— Черти полосатые! — кричал он. — И повесить-то человека толком не умеете. Давно могли бы, небось, покончить дело. Разбудили меня, чорт знает когда! Вы-то! — кричал он поручику — стеклышки носите перед глазами, а что надо, и не видите. Да и его благородию (он указал на Адриана Федоровича), небось, дрыхать хочется, а тут и сиди.

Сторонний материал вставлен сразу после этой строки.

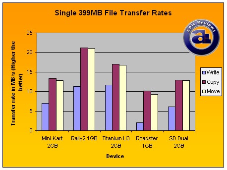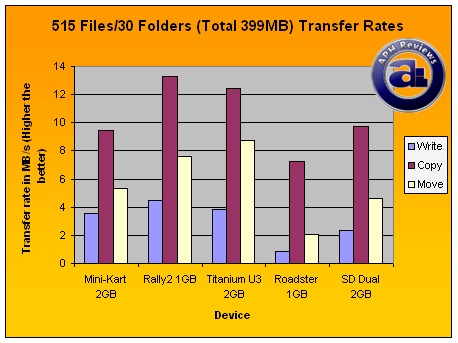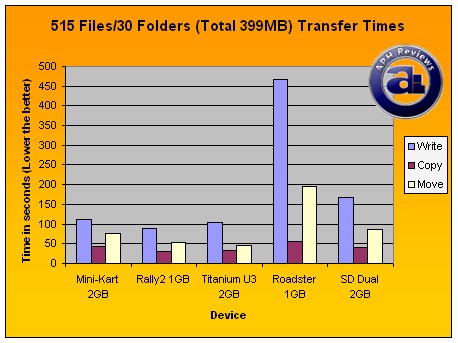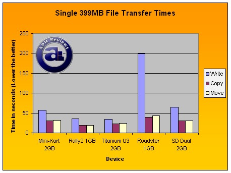Usually, the move tests are slower than the copy tests as write performance of the drive is a contributing factor. Again as demonstrated here, but this time SanDisk's Titanium U3 completed the test at an impressive 45.54 seconds (8.76MB/s). The Rally2 followed at a relatively close distance of 52.38 seconds (7.62MB/s). The Mini-Kart and SD Dual finished the multifile move test at 75.03 seconds (5.32MB/s) and 86.02 seconds (4.64MB/s), respectively. OCZ Roadster definitely took its time -- 195.07 seconds is quite a long time with move speed at 2.05MB/s.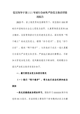 (2篇)2023年落实全面从严治党主体责任工作报告.docx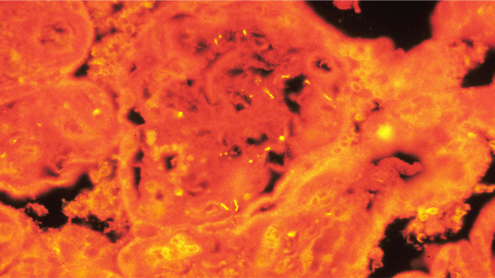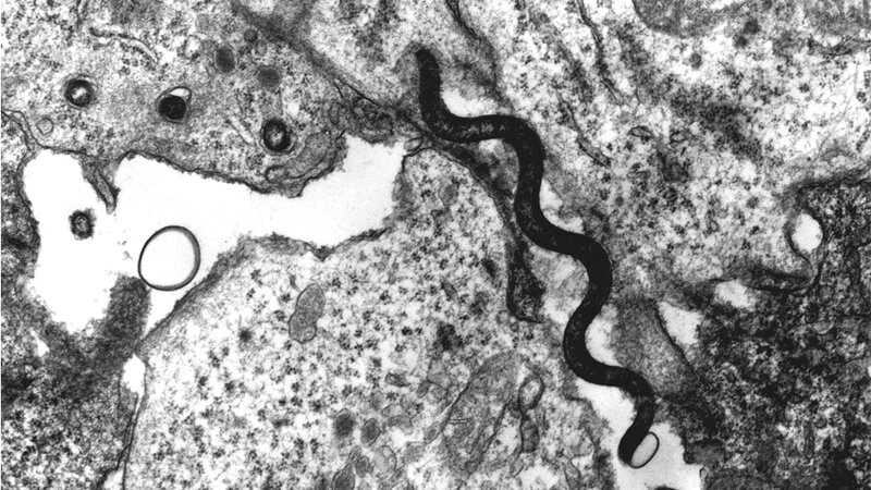 Immunfluoreszenzaufnahme Treponema in menschlichem Gewebe Quelle: Steven J. Norris, UTHealth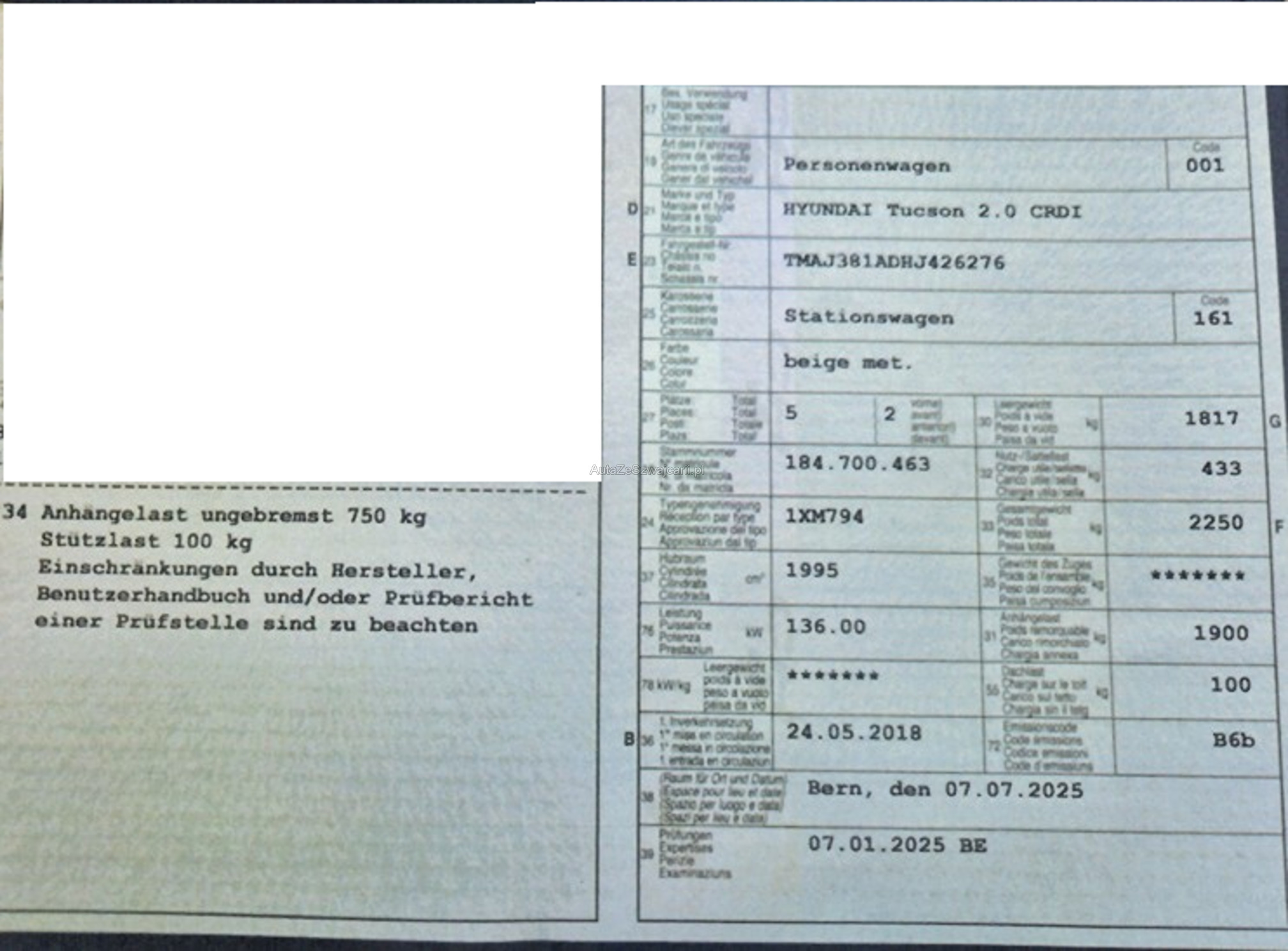 | Kommentar | Unfallfahrzeug, ist jedoch fahrbar. Elektrische Handbremsbetätigung defekt. Die Taste ist wahrscheinlich selber defekt da die ziemlich locker ist. Abrollgeräusch von HR entweder Radlager oder leichte Stufenbildung im Reifen (ab 70Km/h). Jedoch wurde keine Diagnose gemacht. Unsere Fahrzeuge wurden keiner Prüfung unterzogen, Fahrzeugkauf auf eigenes Risiko ab Platz ohne Nachwährschaft. Das Gewährleisten für Sachmängel wird weggegangen. Fahrzeugbereifung, Fahrzeugzustand und Ausstattung gemäss Bildern. |
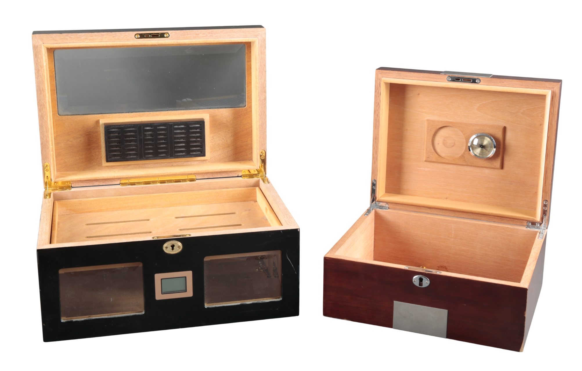 Both humidors have some surface marks and scratches to the cases and some scuffs to the corners.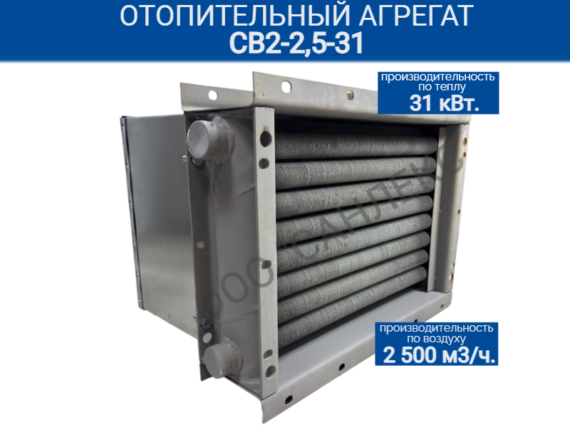 Отопительный агрегаты СВ имеют стальной калорифер с алюминиевым оребрением, что отличает их высокой теплоотдачей и большим сроком службы. В линейке присутствуют агрегаты на базе 2-х, 3-х, 4-х рядными калориферами.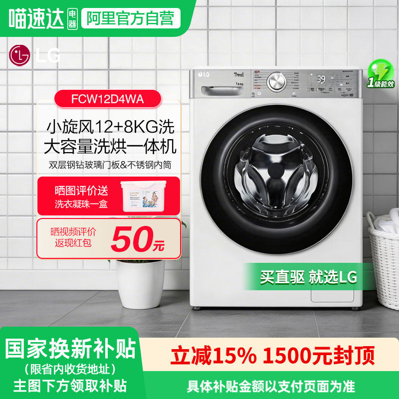 LG小旋风12+8KG全自动滚筒洗衣机带烘干一体家用FCW12D4WA 151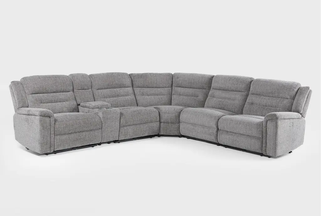 The Caspian Beige 105" 5 Piece Power Reclining Modular Sectional is the perfect addition to your living room. Its casual style and neutral marble color make it a versatile choice for any decor. The sectional features a reversible orientation, allowing you to customize it to fit your space.

— Молчать! — попробовал остановить его поручик, но Матохин не унимался и продолжал неистовствовать.
Поручик краснел и ершился, а Адриан Федорович нервно ходил взад и вперед. Тогда поручик подошел к смотрителю и сказал:
— Не забить ли в барабаны?.. Заглушить негодяя.
— Да для чего? — возразил Адриан Федорович. — В сущности, ведь он прав…
Наконец Матохин, как будто, утих (должно быть устал) и присел на скамейку под перекладиной. Рядом с ним уселся и Шишков.
— Эх, хоть покурить бы дали! — сказал Матохин.
Шишков сейчас же вынул из кармана табак и высыпал себе на ладонь. Затем он откуда-то достал кусочек газетной бумаги и свернул две «цыгарки» — одну для себя, а другую для Матохина. Так они рядышком на скамейке сидели и покуривали.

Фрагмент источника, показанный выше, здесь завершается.